La olla exprés tiene muchas ventajas en la cocina. Sin duda la principal utilidad de este utensilio, también llamada olla rápida u olla a presión, es el gran ahorro de tiempo de cocinado: hasta un tercio del tiempo respecto a una olla normal. Es decir, un alimento que se cocinaría en 45 minutos está listo en unos 15 minutos.

Además de ahorrar tiempo, la olla exprés también nos permite ahorrar energía.
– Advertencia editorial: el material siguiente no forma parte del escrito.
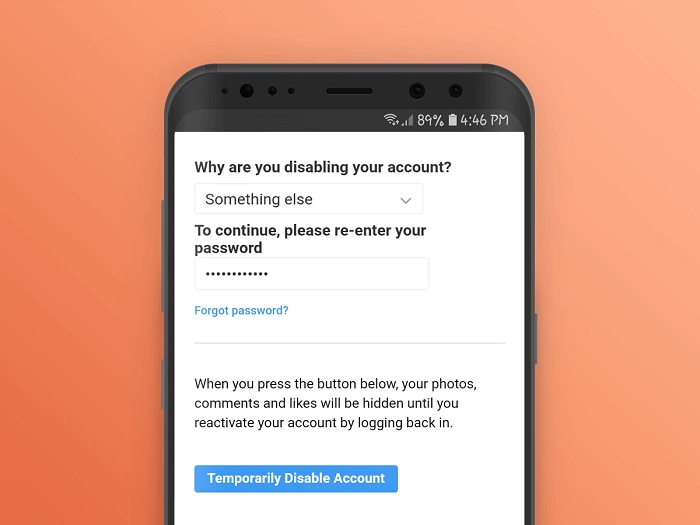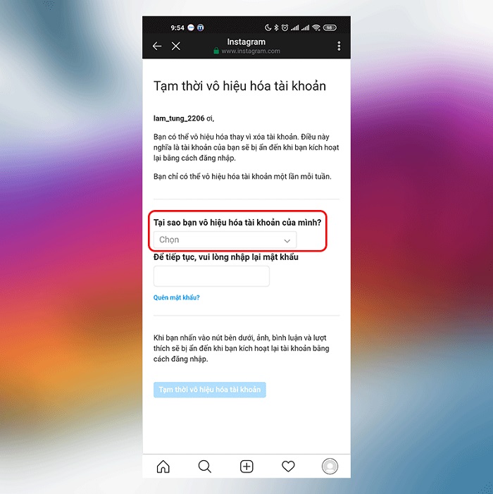 2. Xóa tài khoản Instagram tạm thời trên điện thoại, máy tính

Su uso supone hasta un 70% menos de consumo energético respecto a las ollas normales, lo que también se traduce en un ahorro de dinero.

Del mismo modo, el propio funcionamiento de este utensilio favorece un cocinado más saludable, ya que los alimentos se cuecen en su propio jugo –no es necesario añadir aceites o grasas- y los nutrientes se conservan mejor: no requiere mucha agua ni largos tiempos de cocción, lo que reduce en un 50% la disolución de vitaminas y minerales en el agua.
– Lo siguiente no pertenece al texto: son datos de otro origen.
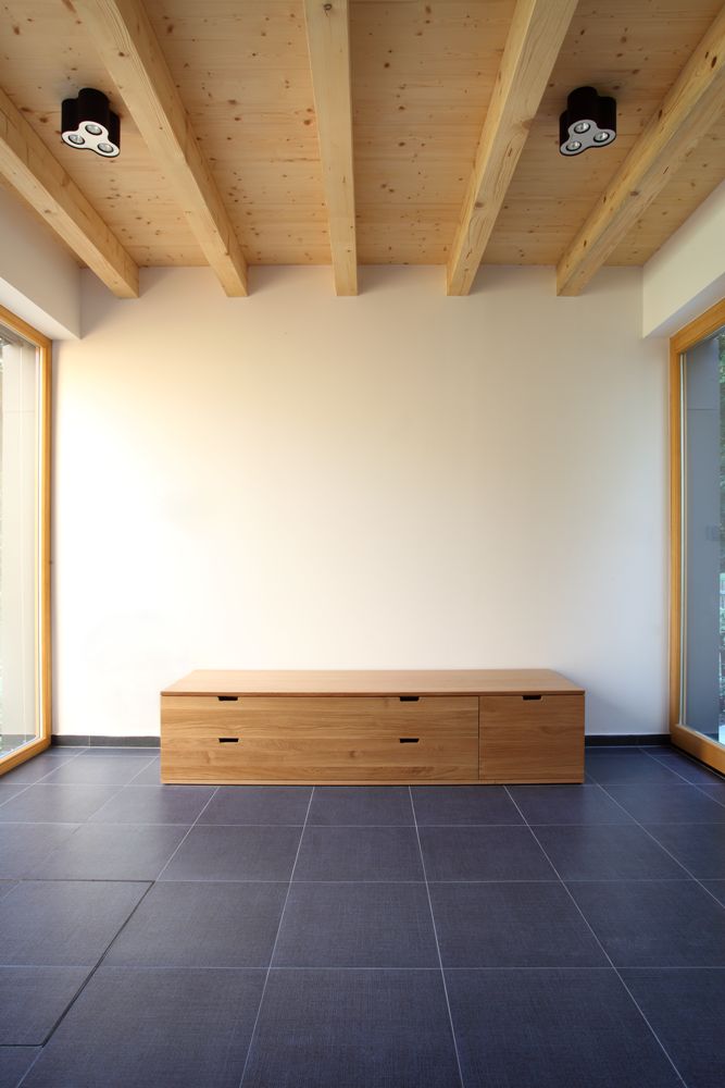 De la cabana originală doar soclul din piatră a fost păstrat,devenind bază pentru casa noua,care a fost concepută pe o structură din lemn Ferestrele sunt orientate parţial la nord (spre drumul de acces), dar mai ales la sud (spre râu). Acest lucru protejează viaţa privată a clientului de casele din apropiere şi oferă, de asemenea, o vedere uimitoare spre râu.

Como funciona una olla a presión

Los alimentos se cocinan a una temperatura superior a 100°C gracias a la presión que se acumula en el interior de la olla. El calor penetra más rápido en los alimentos y la cocción se realiza antes, lo que facilita que los alimentos queden más jugosos.

Básicamente existen dos tipos de ollas exprés: las que cuentan con válvula en la tapa, que permite el escape controlado de vapor durante la ebullición, y otros modelos que disponen de un indicador del nivel de presión.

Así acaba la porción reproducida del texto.